Evaluating Facial Expression Recognition Datasets for Deep Learning: A Benchmark Study with Novel Similarity Metrics

TL;DR

This work addresses how the quality, diversity, and annotation of Facial Expression Recognition (FER) datasets affect deep learning performance. It compiles 24 FER datasets, applies a normalization pipeline, and adds automatic age and gender annotations, introducing three similarity metrics—Local Similarity, Global Similarity, and Paired Similarity—to quantify dataset difficulty, generalization, and cross-dataset transferability, using cross-dataset benchmarking with Swin Transformer and ConvNeXt.
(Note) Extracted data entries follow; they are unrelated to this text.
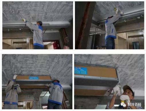 ①吊裝中央空調(diào)室內(nèi)機(jī),并對(duì)內(nèi)機(jī)進(jìn)行包裹,避免有灰塵雜質(zhì)進(jìn)入;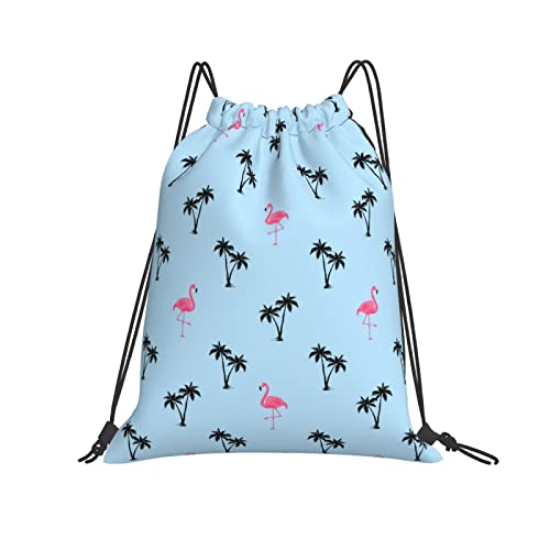 Lsjuee Sac à dos à cordon Flamingo Beach Palm Tree String Sac de sport Pull Cinch Sackpack pour hommes femmes Sport Yoga Voyage Natation Randonnée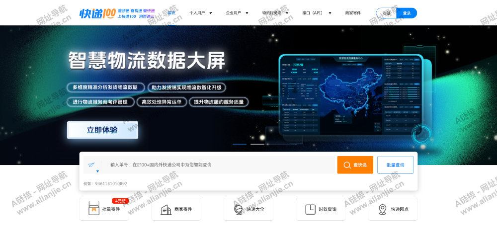 快递100-查快递,寄快递,管快递,上快递100,用百递云注册登录我的查件记录我的寄件订单用户中心退出首页个人用户产品介绍寄快递国际快递快递大全开放服务企业用户电商快递管家SaaSAPI开放平台企业快递管理SaaS物流服务商快递员收件端快递公司入驻接口(API)产品介绍接口申请技术文档商家寄件寄快递,免费预约上门取件立即寄件快递100公众号快递100APP微信扫一扫最近十条查询记录,需要永久保存?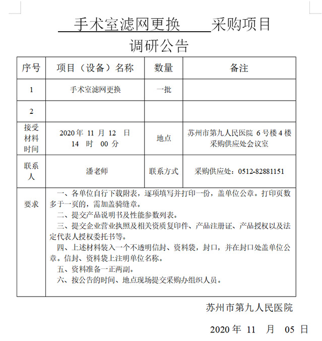手术室滤网更换采购项目调研公告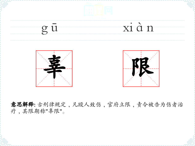 古刑律规定﹐凡殴人致伤﹐官府立限﹐责令被告为伤者治疗﹐其限期称"辜限"。

The study finds that large-scale, automatically collected datasets (e.g., AffectNet, FER2013) tend to generalize better across unseen data despite labeling noise and demographic biases, while manually curated datasets offer higher annotation quality but less variability. The authors provide practical recommendations for dataset selection and construction, emphasizing dataset size, demographic diversity, modality considerations (images vs videos), and the use of similarity-based analyses to inform multi-dataset training strategies, with publicly released data and code to support reproducibility.

Abstract

This study investigates the key characteristics and suitability of widely used Facial Expression Recognition (FER) datasets for training deep learning models. In the field of affective computing, FER is essential for interpreting human emotions, yet the performance of FER systems is highly contingent on the quality and diversity of the underlying datasets. To address this issue, we compiled and analyzed 24 FER datasets, including those targeting specific age groups such as children, adults, and the elderly, and processed them through a comprehensive normalization pipeline. In addition, we enriched the datasets with automatic annotations for age and gender, enabling a more nuanced evaluation of their demographic properties. To further assess dataset efficacy, we introduce three novel metricsLocal, Global, and Paired Similarity, which quantitatively measure dataset difficulty, generalization capability, and cross-dataset transferability. Benchmark experiments using state-of-the-art neural networks reveal that large-scale, automatically collected datasets (e.g., AffectNet, FER2013) tend to generalize better, despite issues with labeling noise and demographic biases, whereas controlled datasets offer higher annotation quality but limited variability. Our findings provide actionable recommendations for dataset selection and design, advancing the development of more robust, fair, and effective FER systems.

Paper Structure

This paper contains 35 sections, 3 equations, 8 figures, 4 tables.

Figures (8)

  • Figure 1: Number of images per dataset, in logarithmic scale.
  • Figure 2: (a) Number of users by dataset. (b) Average number of images per user by dataset.
  • Figure 3: Age histogram of the combined datasets.
  • Figure 4: (Left) Gender distribution across datasets. (Right) Age group distribution across datasets.
  • Figure 5: Class distribution across datasets.